Efficacy of Combination Antibiotic Therapy for Refractory Pediatric Inflammatory Bowel Disease

Abstract

Abstract Background Recent studies have shown that oral combination antibiotics may improve disease course in refractory inflammatory bowel disease (IBD). Here, we describe the use of combination oral antibiotics as salvage therapy in refractory ulcerative colitis (UC), Crohn’s colitis, and IBD-unclassified (IBD-U) at a large pediatric IBD center. Methods Clinical response, disease activity indices, adverse events, and clinical outcomes were measured up to 1 year after antibiotic treatment in this retrospective cohort study of children with medically refractory IBD colitis. Results Sixty-three patients with refractory UC, Crohn’s colitis, and IBD-U (median age [interquartile range {IQR}], 15.3 [11.2–16.5] years; median disease duration [IQR], 1.2 [0.41–4.6] years) received a combination of 3 or 4 oral antibiotics (most commonly amoxicillin, metronidazole, and either doxycycline or ciprofloxacin) for a median (IQR) of 29 (21–58) days. Thirty-four patients (54%) were deemed corticosteroid-refractory or -dependent, with the majority (62/63) having a previous or present loss of response or primary nonresponse to anti–tumor necrosis factor alpha (anti-TNFα) therapy.
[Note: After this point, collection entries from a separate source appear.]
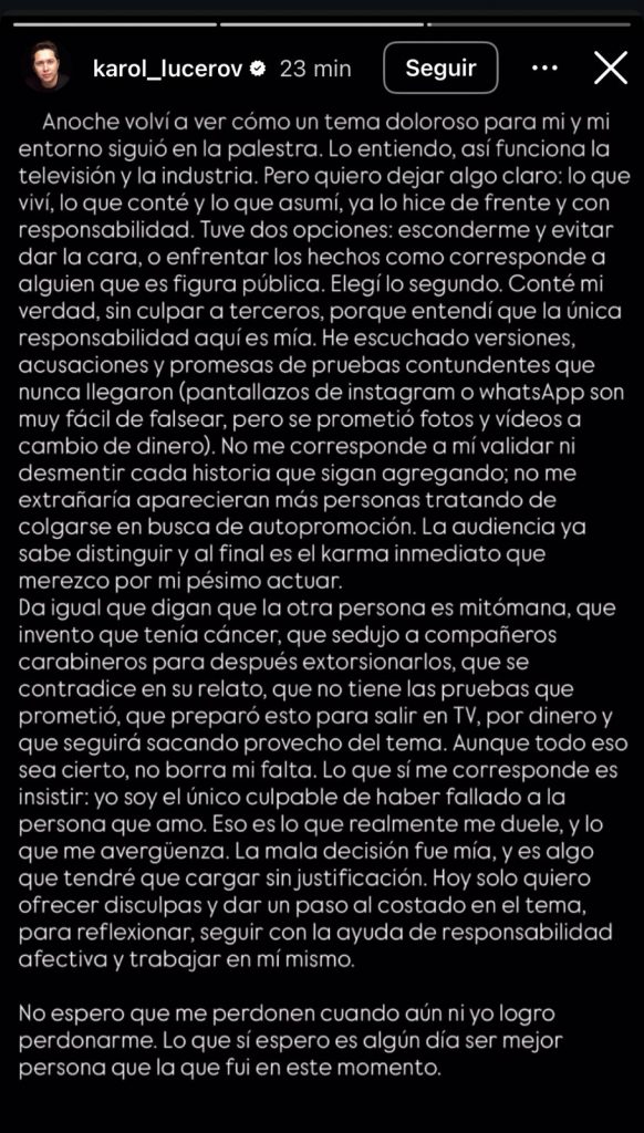 En un extenso comunicado publicado en sus historias, el ex rostro de televisión reconoció que el tema ha sido “doloroso” tanto para él como para su entorno, pero enfatizó que decidió enfrentarlo “de frente y con responsabilidad”. “Tuve dos opciones: esconderme y evitar dar la cara, o enfrentar los hechos como corresponde a alguien que es figura pública. Elegí lo segundo. Conté mi verdad, sin culpar a terceros, porque entendí que la única responsabilidad aquí es mía”, señaló.
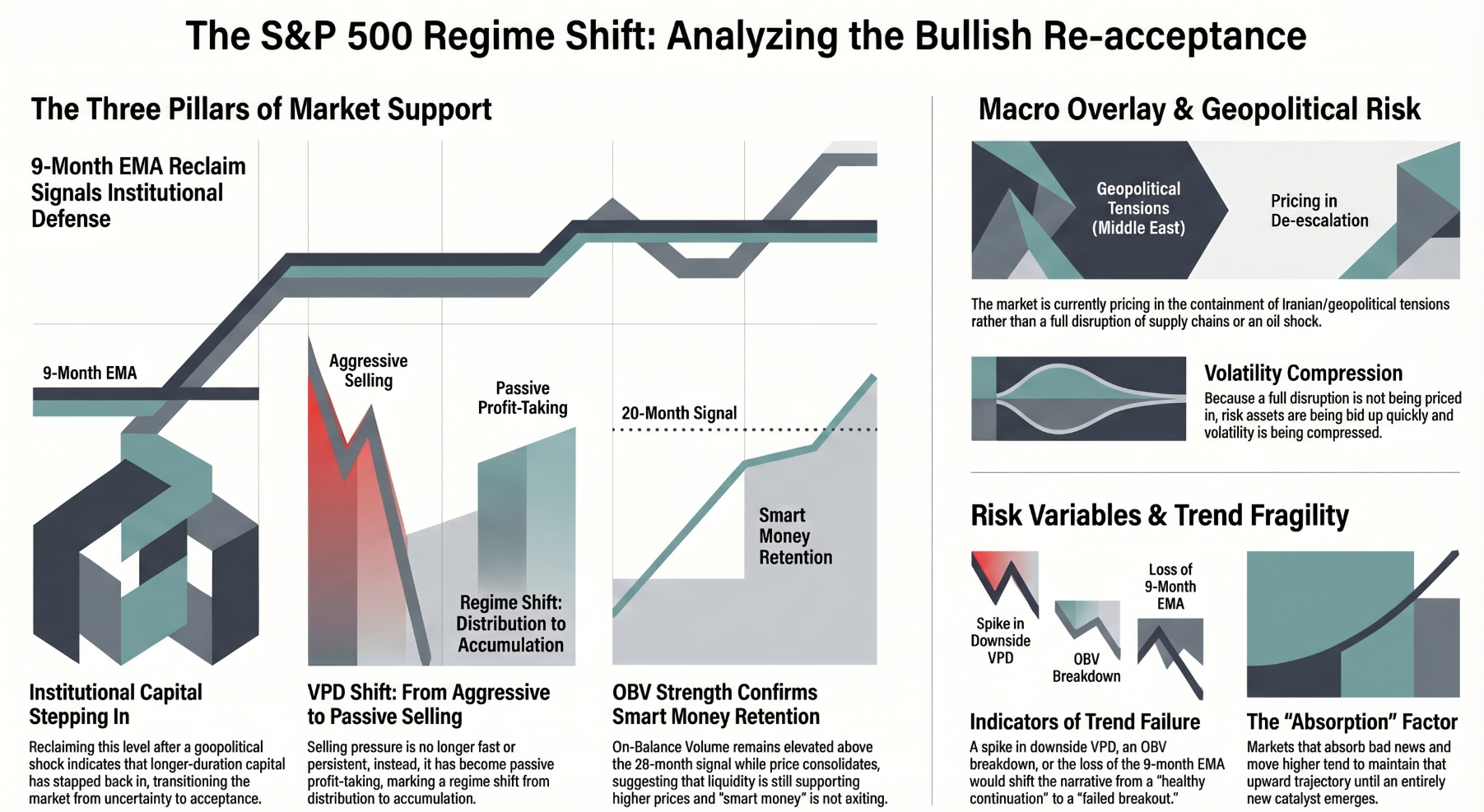 SPY is currently maintaining a bullish structure, supported by multiple confirming factors. Its move back above the 9-month EMA suggests that the broader uptrend remains intact and that institutional buyers have stepped in to defend key levels after recent geopolitical uncertainty. At the same time, the VPD indicator reflects a decline in selling aggression, indicating that downside pressure is easing and that recent selling is likely more passive than forced. This is reinforced by On-Balance Volume holding above its 20-month signal line, which signals that accumulation remains intact and that large participants are not exiting positions in size. Altogether, these elements point to continued buyer control and a stabilization of market conditions, with a bias toward further upside. However, this outlook remains sensitive to developments in U.S.–Iran negotiations, as any deterioration could quickly reintroduce volatility, increase selling pressure, and disrupt the current bullish trend.
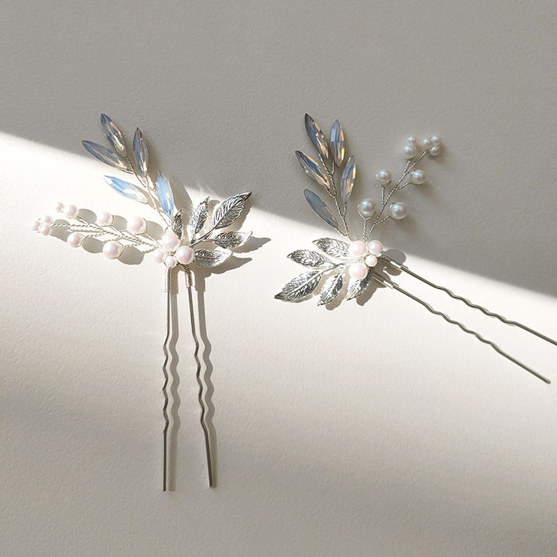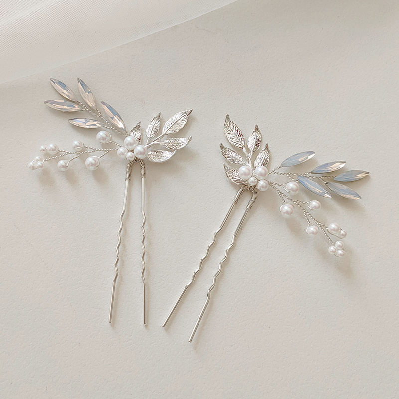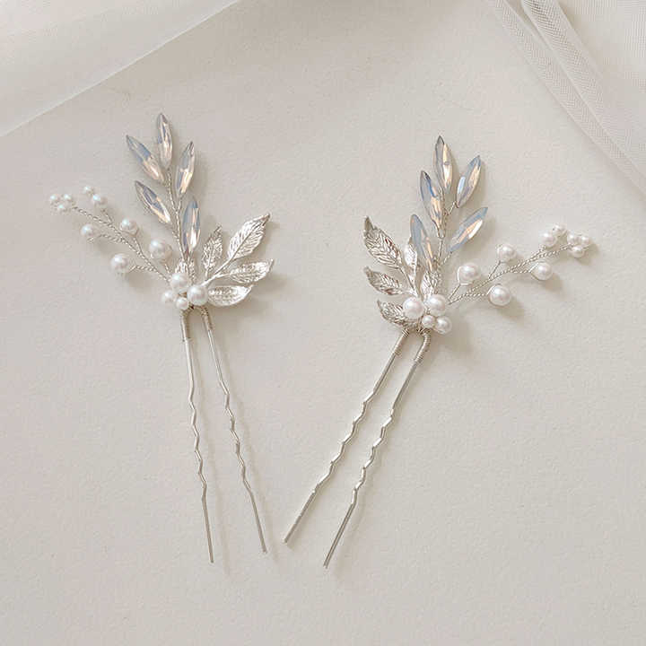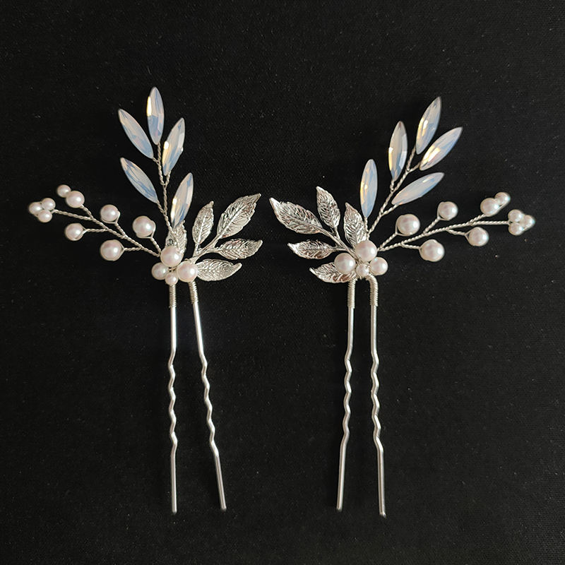 Nuevas horquillas hechas a mano para fiestas, bodas, accesorios para el cabello con perlas inidiscentes de ópalo de hoja de aleación para tocado de novia

Use of combination antibiotics led to a significant decrease in median Pediatric Ulcerative Colitis Activity Index (PUCAI) score (IQR) from 55 (40–65) to 10 (0–40; P < 0.0001) over 3 ± 1 weeks, with 25/63 (39.7%) patients achieving clinical remission (PUCAI <10 points). The clinical benefits of oral antibiotics were independent of anti-TNFα therapy optimization. Among children entering clinical remission (n = 25), only 1 patient required surgery at 1-year follow-up, vs 10 patients in the nonresponder group. Negative predictors of response to combination antibiotics were exposure to doxycycline (odds ratio [OR], 0.25; 95% CI, 0.08–0.76) and PUCAI ≥65 at baseline (OR, 0.2; 95% CI, 0.05–0.74). Conclusions Oral combination antibiotics appears to be an effective rescue and steroid-sparing therapy to induce remission in the short term in patients failing a biologic.